Restate every line of the data word for word, except for the images.

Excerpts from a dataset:
- Opening Delimiter -

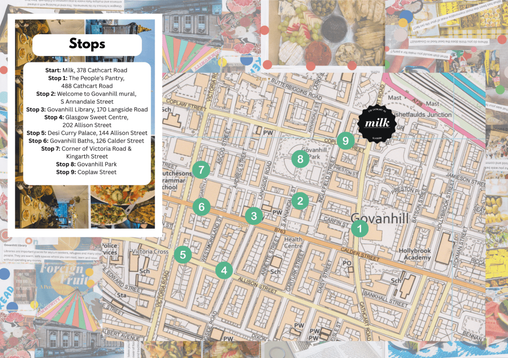 Check out our beautiful new self-guided tour which will take you on a journey through refugee histories and food cultures in the built environment of this Southside neighbourhood. You can follow the route in real life or experience it online. At each stop, listen to audio of the conversations, recommendations and insights of the community historians of Milk Glasgow.
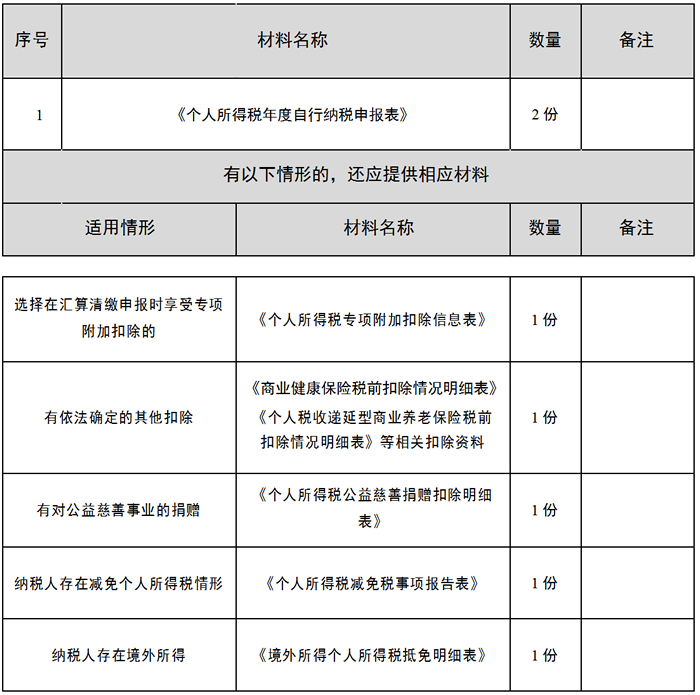 月 居民个人取得工资、薪金所得、劳务报酬所得、稿酬所得、特许权使用费所得等综合所得且符合下列情形之一的纳税人,在取得所得的次年 3 月 1 日至 630 日内填报《个人所得税年度自行纳税申报表》及其他相关资料,办理年度汇算或者随年度汇算一并办理纳税申报:
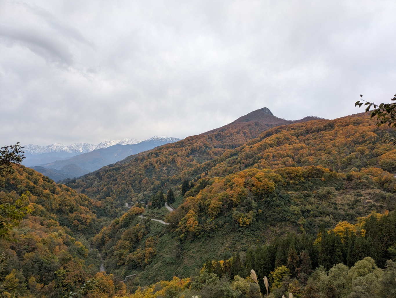 奥の方には白馬方面が真っ白になっているのが見えます。
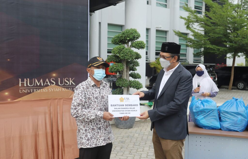 Universitas Syiah Kuala (USK) menyerahkan sebanyak 355 paket sembako, kepada delapan gampong (desa) binaan di seputaran kampus setempat. Pemberian sembako ini bertepatan dengan peringatan Milad ke-60 USK. Rektor USK, Prof. Dr. Ir. Samsul Rizal, M. Eng, IPU, ASEAN Eng, menyerahkan langsung paket sembako tersebut secara simbolis, yang diterima oleh perwakilan keuchik (kepala desa) setempat. Penyerahan
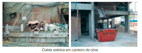 - 6º Passo: desenvolvimento e documentação dos procedimentos adotados para seleção, acondicionamento, despacho e retirada dos resíduos da obra. Providenciar recipientes para acondicionamento dos materiais a serem segregados. Em cada pavimento, quando for o caso, deve-se ter recipiente para coleta seletiva, identificado conforme o material a ser selecionado. No andar térreo, é importante a instalação de baias para acumular os resíduos coletados. A normalização do padrão de cores para os resíduos é dada pela Resolução Conama 275/2001.
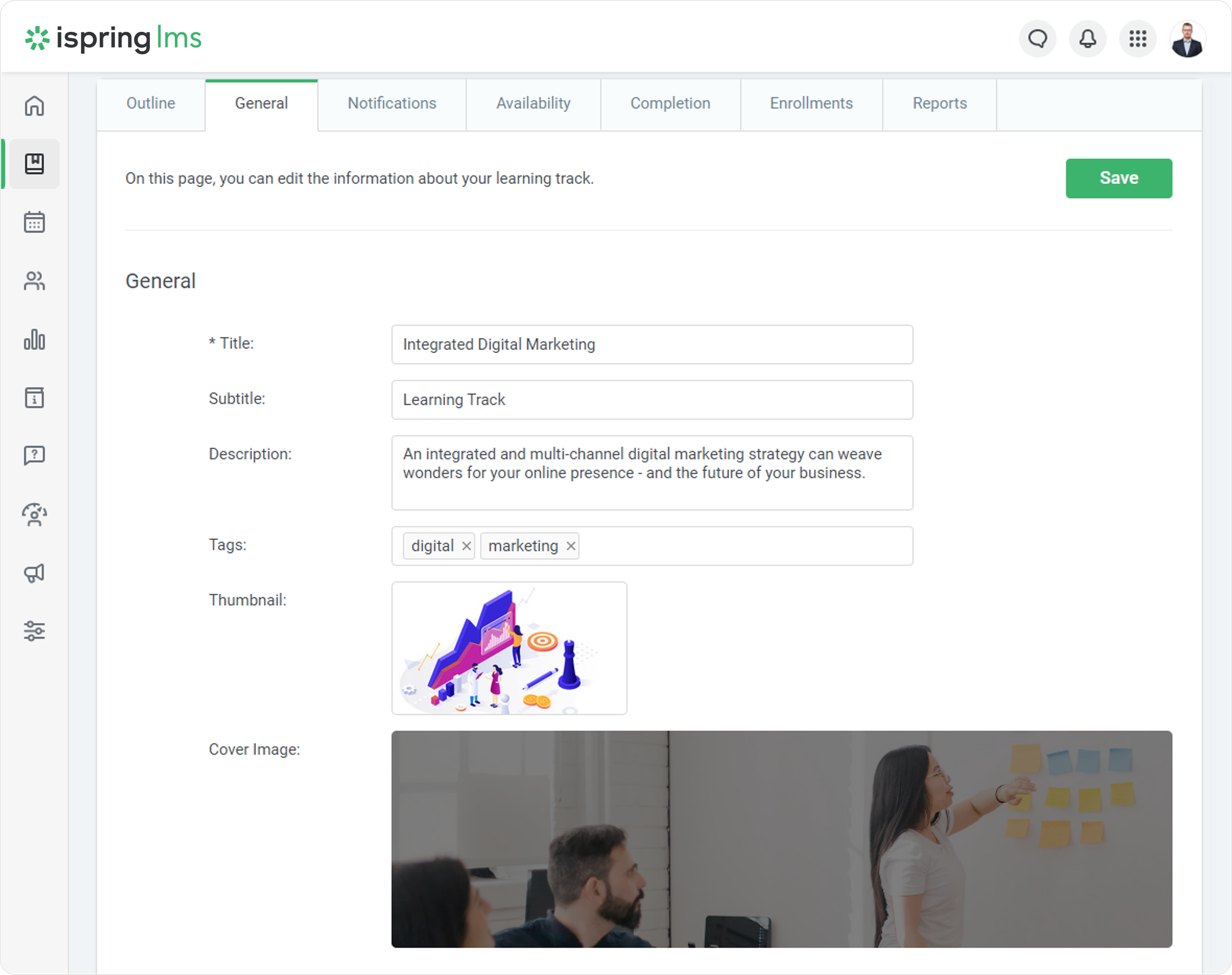 Under the General tab, you can change the name and description of a learning track, add an instructor, tags, cover and thumbnail images, copy a link, and enable certificate issuing.
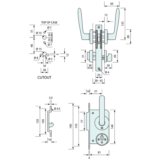#4889 - SLIDING DOOR LATCH KEY LOCKING STAINLESS STEEL 140MM
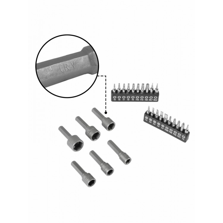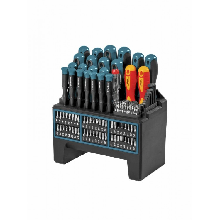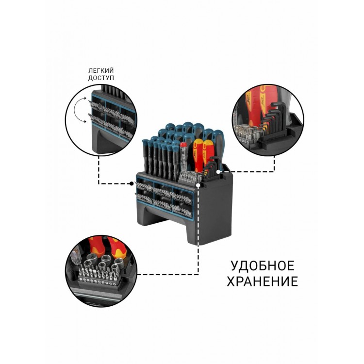 Набор станет незаменимым помощником в автомобильном, монтажном и электромонтажном деле. Материал — металл и пластик. В комплекте также есть тестер, адаптеры для бит и для бит для точных работ, отвёртка для шестигранных гаек и другие аксессуары. Нескользящее покрытие и удобный чехол для хранения делают набор ещё более практичным.
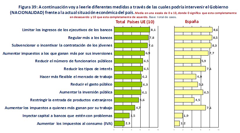 De media, los españoles son más partidarios de que los gobiernos intervengan en diversos ámbitos de la economía para superar la crisis, desde limitar los ingresos de los ejecutivos de los bancos, hasta regular más a los bancos, incentivar la contratación laboral de los jóvenes o aumentar los impuestos a quienes más ganan por sus rendimientos de capital.
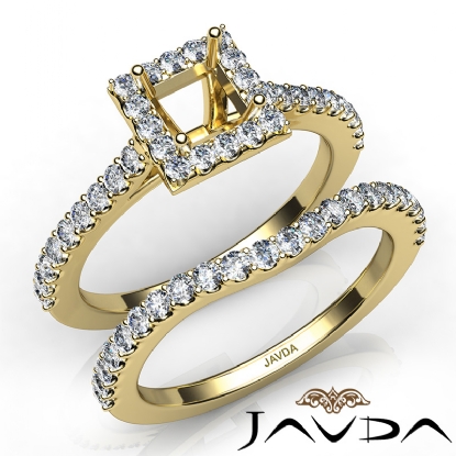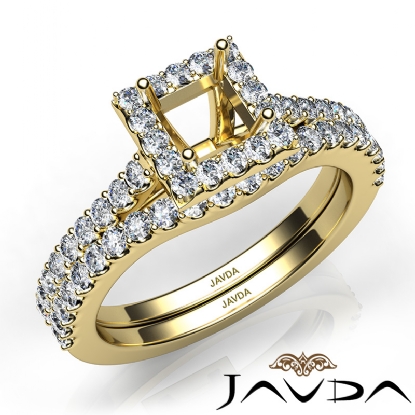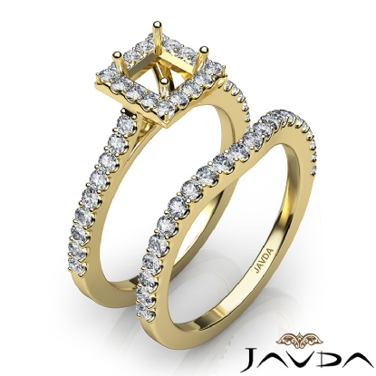 Create a breathtaking moment with this princess cut semi mount . bridal set, showcasing a diamond-laden shank and halo in U prong setting, with a matching band. This engagement ring is framed against enduring 14k Gold Yellow. (1Ct. tw.)
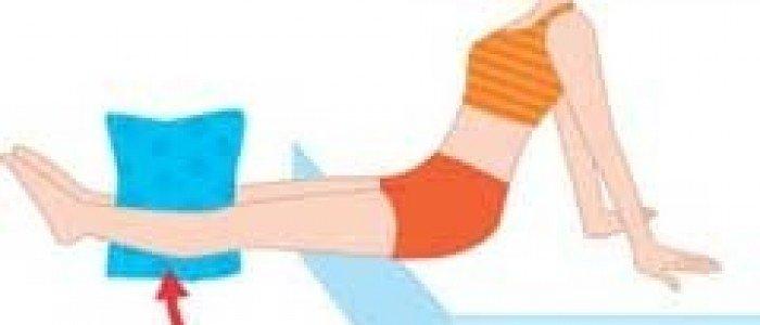 2.彎曲雙膝、擠壓。此一動作要點爲用力擠壓枕頭,做15次爲一組動作,共做1~3組。
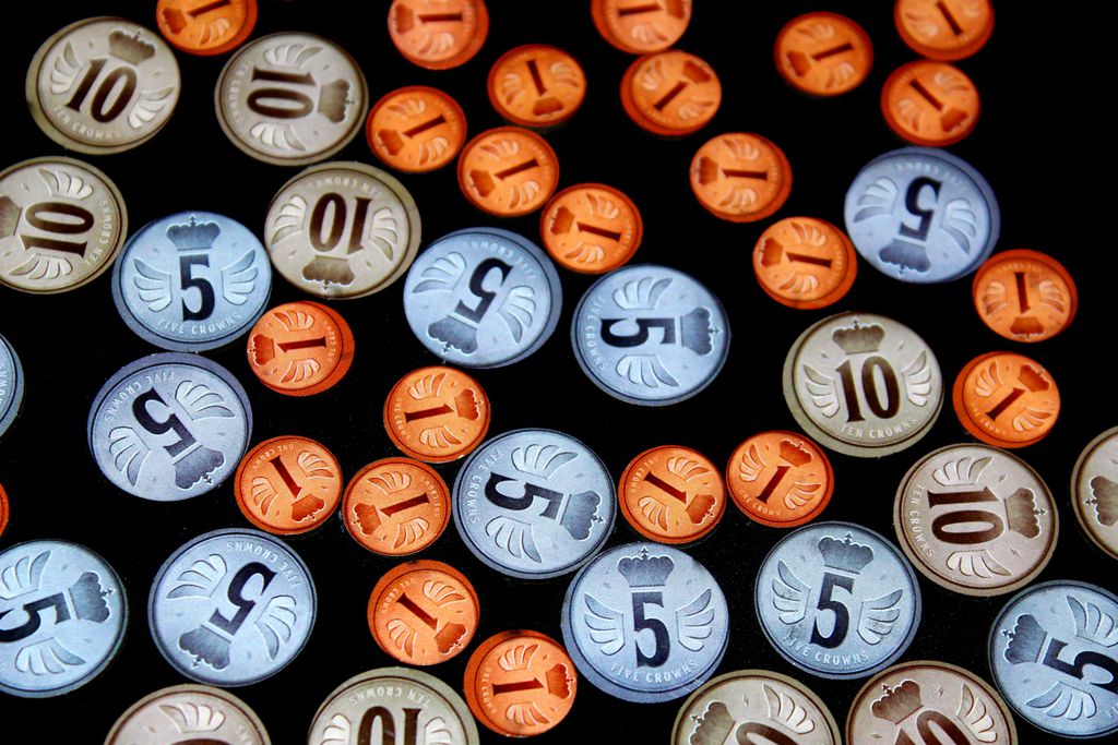 Les cristaux se présentent sous la forme de jetons qui ont des valeurs différentes. Au début de la partie on met en place tous les jetons faces cachées au centre de la table.
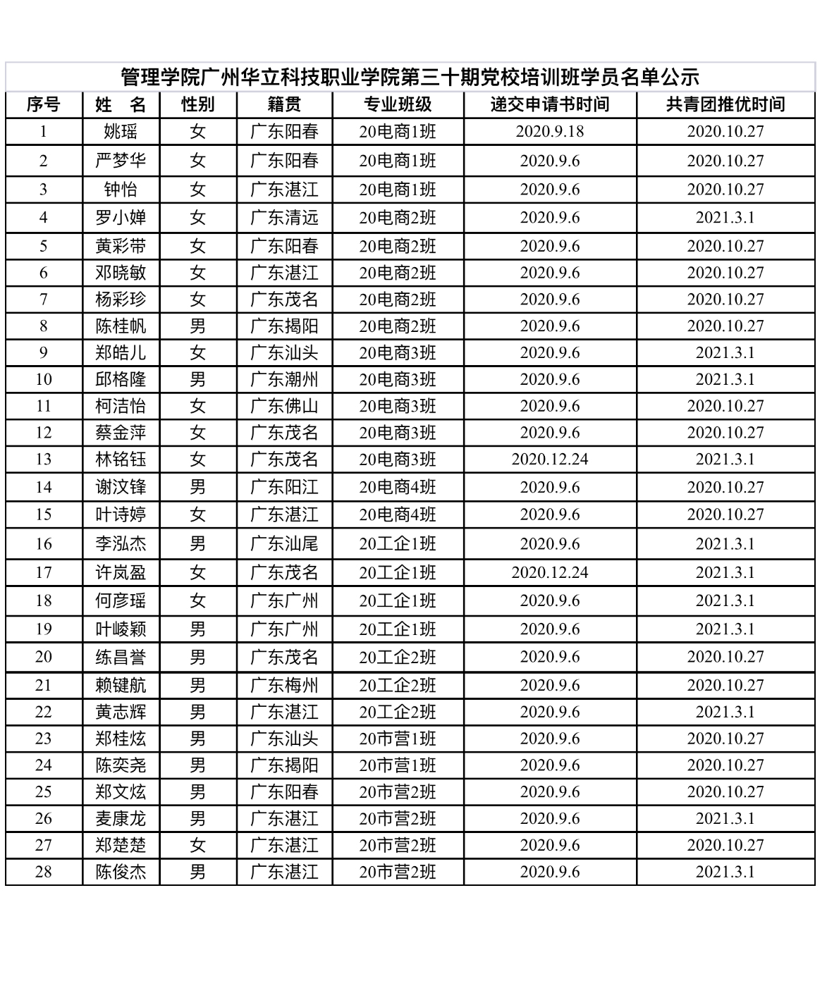凡對確定以下同學(xué)為第30期黨校培訓(xùn)班學(xué)員有意見及異議者,請在公示期內(nèi)以書面形式向管理學(xué)院黨總支或校黨委辦公室反映。

- Closing Delimiter -

• **Response to this task**
 Check out our beautiful new self-guided tour which will take you on a journey through refugee histories and food cultures in the built environment of this Southside neighbourhood. You can follow the route in real life or experience it online. At each stop, listen to audio of the conversations, recommendations and insights of the community historians of Milk Glasgow.
 月 居民个人取得工资、薪金所得、劳务报酬所得、稿酬所得、特许权使用费所得等综合所得且符合下列情形之一的纳税人,在取得所得的次年 3 月 1 日至 630 日内填报《个人所得税年度自行纳税申报表》及其他相关资料,办理年度汇算或者随年度汇算一并办理纳税申报:
 奥の方には白馬方面が真っ白になっているのが見えます。
 Universitas Syiah Kuala (USK) menyerahkan sebanyak 355 paket sembako, kepada delapan gampong (desa) binaan di seputaran kampus setempat. Pemberian sembako ini bertepatan dengan peringatan Milad ke-60 USK. Rektor USK, Prof. Dr. Ir. Samsul Rizal, M. Eng, IPU, ASEAN Eng, menyerahkan langsung paket sembako tersebut secara simbolis, yang diterima oleh perwakilan keuchik (kepala desa) setempat. Penyerahan
 - 6º Passo: desenvolvimento e documentação dos procedimentos adotados para seleção, acondicionamento, despacho e retirada dos resíduos da obra. Providenciar recipientes para acondicionamento dos materiais a serem segregados. Em cada pavimento, quando for o caso, deve-se ter recipiente para coleta seletiva, identificado conforme o material a ser selecionado. No andar térreo, é importante a instalação de baias para acumular os resíduos coletados. A normalização do padrão de cores para os resíduos é dada pela Resolução Conama 275/2001.
 Under the General tab, you can change the name and description of a learning track, add an instructor, tags, cover and thumbnail images, copy a link, and enable certificate issuing.
#4889 - SLIDING DOOR LATCH KEY LOCKING STAINLESS STEEL 140MM
 Набор станет незаменимым помощником в автомобильном, монтажном и электромонтажном деле. Материал — металл и пластик. В комплекте также есть тестер, адаптеры для бит и для бит для точных работ, отвёртка для шестигранных гаек и другие аксессуары. Нескользящее покрытие и удобный чехол для хранения делают набор ещё более практичным.
 De media, los españoles son más partidarios de que los gobiernos intervengan en diversos ámbitos de la economía para superar la crisis, desde limitar los ingresos de los ejecutivos de los bancos, hasta regular más a los bancos, incentivar la contratación laboral de los jóvenes o aumentar los impuestos a quienes más ganan por sus rendimientos de capital.
 Create a breathtaking moment with this princess cut semi mount . bridal set, showcasing a diamond-laden shank and halo in U prong setting, with a matching band. This engagement ring is framed against enduring 14k Gold Yellow. (1Ct. tw.)
 2.彎曲雙膝、擠壓。此一動作要點爲用力擠壓枕頭,做15次爲一組動作,共做1~3組。
 Les cristaux se présentent sous la forme de jetons qui ont des valeurs différentes. Au début de la partie on met en place tous les jetons faces cachées au centre de la table.
凡對確定以下同學(xué)為第30期黨校培訓(xùn)班學(xué)員有意見及異議者,請在公示期內(nèi)以書面形式向管理學(xué)院黨總支或校黨委辦公室反映。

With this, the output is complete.